■ EXERCISE AIM ■
Using the entries below, output each line exactly from the first through the one that contains "He opened one".

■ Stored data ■
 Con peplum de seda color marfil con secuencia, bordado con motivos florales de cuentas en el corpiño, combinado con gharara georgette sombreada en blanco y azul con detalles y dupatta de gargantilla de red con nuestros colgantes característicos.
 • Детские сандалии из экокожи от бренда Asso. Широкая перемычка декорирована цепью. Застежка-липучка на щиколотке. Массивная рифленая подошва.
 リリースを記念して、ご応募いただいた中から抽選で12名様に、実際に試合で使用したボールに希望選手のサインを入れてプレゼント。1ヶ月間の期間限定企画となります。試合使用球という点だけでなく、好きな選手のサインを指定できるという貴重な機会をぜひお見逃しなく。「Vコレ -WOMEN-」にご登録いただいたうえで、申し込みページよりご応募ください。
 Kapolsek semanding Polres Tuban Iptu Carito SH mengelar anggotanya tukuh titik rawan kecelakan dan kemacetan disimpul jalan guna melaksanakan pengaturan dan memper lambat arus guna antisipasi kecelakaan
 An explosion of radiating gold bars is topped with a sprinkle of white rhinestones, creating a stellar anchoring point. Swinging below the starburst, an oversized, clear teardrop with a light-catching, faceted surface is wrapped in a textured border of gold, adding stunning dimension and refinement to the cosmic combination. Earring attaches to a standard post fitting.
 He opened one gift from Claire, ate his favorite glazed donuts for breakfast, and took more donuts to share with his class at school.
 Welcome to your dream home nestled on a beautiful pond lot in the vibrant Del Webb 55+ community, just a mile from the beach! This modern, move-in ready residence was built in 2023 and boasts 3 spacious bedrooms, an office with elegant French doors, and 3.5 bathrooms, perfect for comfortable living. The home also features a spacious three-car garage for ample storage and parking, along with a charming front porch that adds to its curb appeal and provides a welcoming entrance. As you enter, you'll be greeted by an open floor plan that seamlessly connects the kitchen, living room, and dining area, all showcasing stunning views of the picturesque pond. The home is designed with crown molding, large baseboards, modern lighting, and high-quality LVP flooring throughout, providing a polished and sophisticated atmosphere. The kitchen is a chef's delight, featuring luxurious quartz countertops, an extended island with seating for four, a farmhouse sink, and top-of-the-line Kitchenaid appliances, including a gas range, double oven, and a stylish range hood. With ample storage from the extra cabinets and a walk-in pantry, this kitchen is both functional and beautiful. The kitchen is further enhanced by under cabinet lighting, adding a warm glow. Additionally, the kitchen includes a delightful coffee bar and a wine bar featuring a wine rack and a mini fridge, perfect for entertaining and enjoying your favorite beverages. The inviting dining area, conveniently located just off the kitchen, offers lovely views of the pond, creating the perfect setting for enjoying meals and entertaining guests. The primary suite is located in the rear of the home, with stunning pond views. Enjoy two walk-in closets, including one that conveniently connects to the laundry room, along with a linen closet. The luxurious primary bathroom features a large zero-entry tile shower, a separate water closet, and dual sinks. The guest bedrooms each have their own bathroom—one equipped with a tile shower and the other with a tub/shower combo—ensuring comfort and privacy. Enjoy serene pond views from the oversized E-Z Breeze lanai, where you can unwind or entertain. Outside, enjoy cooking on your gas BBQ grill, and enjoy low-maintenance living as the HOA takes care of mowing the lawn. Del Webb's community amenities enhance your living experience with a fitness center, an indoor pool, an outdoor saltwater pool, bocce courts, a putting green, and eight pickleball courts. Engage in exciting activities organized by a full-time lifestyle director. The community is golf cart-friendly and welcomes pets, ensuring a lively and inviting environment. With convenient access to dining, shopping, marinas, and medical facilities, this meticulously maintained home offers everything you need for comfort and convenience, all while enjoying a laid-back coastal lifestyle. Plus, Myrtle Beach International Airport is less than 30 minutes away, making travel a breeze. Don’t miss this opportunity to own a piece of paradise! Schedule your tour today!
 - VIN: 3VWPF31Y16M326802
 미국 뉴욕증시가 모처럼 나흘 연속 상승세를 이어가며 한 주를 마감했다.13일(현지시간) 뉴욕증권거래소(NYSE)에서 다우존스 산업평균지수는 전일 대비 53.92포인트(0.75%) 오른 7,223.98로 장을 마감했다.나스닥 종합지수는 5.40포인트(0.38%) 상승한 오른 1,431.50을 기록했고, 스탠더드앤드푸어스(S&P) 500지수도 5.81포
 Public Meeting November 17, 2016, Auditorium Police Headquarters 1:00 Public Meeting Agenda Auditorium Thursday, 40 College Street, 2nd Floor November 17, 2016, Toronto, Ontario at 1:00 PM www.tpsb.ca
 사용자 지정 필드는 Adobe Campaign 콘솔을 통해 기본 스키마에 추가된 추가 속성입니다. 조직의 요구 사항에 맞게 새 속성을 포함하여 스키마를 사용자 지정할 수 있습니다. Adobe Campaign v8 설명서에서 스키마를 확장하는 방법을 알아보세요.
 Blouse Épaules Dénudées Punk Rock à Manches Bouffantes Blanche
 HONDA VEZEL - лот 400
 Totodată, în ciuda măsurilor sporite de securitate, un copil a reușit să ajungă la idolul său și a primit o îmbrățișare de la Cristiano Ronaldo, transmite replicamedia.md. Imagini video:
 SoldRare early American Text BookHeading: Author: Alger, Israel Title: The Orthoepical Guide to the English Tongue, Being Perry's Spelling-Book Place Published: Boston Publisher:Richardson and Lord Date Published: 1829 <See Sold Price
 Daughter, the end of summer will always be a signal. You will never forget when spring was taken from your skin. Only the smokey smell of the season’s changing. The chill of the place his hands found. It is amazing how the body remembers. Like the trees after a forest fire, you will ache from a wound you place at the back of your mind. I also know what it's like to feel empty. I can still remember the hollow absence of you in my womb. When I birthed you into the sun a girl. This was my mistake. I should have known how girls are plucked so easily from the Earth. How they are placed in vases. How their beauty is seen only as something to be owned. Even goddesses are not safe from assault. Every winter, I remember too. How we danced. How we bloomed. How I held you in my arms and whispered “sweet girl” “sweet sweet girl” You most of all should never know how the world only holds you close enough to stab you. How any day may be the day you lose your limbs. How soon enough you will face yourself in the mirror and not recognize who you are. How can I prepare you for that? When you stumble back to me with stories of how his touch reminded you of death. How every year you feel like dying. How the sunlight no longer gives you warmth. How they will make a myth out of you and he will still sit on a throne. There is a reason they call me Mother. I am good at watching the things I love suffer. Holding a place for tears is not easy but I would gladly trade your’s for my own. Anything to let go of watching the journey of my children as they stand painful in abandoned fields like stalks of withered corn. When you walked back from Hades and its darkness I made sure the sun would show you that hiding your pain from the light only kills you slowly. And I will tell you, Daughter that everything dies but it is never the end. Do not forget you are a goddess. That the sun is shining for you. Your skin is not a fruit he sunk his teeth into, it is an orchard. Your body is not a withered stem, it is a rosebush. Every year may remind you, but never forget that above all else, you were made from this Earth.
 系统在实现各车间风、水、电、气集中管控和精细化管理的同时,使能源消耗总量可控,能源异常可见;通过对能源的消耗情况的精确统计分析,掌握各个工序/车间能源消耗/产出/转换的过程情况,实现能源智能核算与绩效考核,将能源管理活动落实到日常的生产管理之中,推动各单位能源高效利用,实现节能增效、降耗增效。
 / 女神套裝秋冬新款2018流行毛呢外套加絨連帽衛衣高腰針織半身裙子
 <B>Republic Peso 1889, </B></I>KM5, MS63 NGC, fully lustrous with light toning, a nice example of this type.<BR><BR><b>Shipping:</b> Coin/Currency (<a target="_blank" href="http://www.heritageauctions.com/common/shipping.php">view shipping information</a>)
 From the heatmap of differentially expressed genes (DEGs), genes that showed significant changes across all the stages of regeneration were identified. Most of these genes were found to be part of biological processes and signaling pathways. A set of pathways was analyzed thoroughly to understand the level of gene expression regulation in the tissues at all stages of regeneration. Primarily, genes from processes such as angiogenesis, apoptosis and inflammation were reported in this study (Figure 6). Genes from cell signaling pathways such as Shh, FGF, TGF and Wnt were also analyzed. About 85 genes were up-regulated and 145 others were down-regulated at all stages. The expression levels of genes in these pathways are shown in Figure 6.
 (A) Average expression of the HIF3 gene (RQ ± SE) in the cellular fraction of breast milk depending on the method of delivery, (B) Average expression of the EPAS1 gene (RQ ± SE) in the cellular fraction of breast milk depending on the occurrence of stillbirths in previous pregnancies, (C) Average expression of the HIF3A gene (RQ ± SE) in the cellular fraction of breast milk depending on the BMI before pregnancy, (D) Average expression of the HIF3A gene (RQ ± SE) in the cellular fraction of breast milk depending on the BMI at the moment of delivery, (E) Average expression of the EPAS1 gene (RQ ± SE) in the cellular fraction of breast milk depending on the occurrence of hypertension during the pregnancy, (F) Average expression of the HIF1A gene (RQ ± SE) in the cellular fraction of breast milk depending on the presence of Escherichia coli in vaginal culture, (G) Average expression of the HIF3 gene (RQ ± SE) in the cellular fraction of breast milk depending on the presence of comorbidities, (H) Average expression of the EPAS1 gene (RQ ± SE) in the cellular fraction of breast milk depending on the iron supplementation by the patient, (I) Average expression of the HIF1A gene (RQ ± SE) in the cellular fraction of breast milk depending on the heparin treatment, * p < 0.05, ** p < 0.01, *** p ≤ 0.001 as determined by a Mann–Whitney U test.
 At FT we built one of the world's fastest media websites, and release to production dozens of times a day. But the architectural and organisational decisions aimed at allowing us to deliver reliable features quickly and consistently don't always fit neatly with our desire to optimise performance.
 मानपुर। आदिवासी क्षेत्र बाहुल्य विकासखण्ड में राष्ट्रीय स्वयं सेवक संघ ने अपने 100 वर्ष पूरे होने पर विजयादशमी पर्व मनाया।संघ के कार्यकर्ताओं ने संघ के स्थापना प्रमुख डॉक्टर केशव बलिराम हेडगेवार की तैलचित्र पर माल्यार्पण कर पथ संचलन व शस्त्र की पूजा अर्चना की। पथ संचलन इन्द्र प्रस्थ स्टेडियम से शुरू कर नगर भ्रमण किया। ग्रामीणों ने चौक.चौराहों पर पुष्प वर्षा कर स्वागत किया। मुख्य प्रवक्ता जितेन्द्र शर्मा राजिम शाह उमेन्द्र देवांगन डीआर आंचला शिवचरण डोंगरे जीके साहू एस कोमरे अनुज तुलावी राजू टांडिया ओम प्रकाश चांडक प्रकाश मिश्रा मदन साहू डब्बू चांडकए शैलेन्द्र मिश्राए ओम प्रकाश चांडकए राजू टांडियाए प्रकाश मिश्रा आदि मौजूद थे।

■ TASK SOLUTION ■
 Con peplum de seda color marfil con secuencia, bordado con motivos florales de cuentas en el corpiño, combinado con gharara georgette sombreada en blanco y azul con detalles y dupatta de gargantilla de red con nuestros colgantes característicos.
 • Детские сандалии из экокожи от бренда Asso. Широкая перемычка декорирована цепью. Застежка-липучка на щиколотке. Массивная рифленая подошва.
 リリースを記念して、ご応募いただいた中から抽選で12名様に、実際に試合で使用したボールに希望選手のサインを入れてプレゼント。1ヶ月間の期間限定企画となります。試合使用球という点だけでなく、好きな選手のサインを指定できるという貴重な機会をぜひお見逃しなく。「Vコレ -WOMEN-」にご登録いただいたうえで、申し込みページよりご応募ください。
 Kapolsek semanding Polres Tuban Iptu Carito SH mengelar anggotanya tukuh titik rawan kecelakan dan kemacetan disimpul jalan guna melaksanakan pengaturan dan memper lambat arus guna antisipasi kecelakaan
 An explosion of radiating gold bars is topped with a sprinkle of white rhinestones, creating a stellar anchoring point. Swinging below the starburst, an oversized, clear teardrop with a light-catching, faceted surface is wrapped in a textured border of gold, adding stunning dimension and refinement to the cosmic combination. Earring attaches to a standard post fitting.
 He opened one gift from Claire, ate his favorite glazed donuts for breakfast, and took more donuts to share with his class at school.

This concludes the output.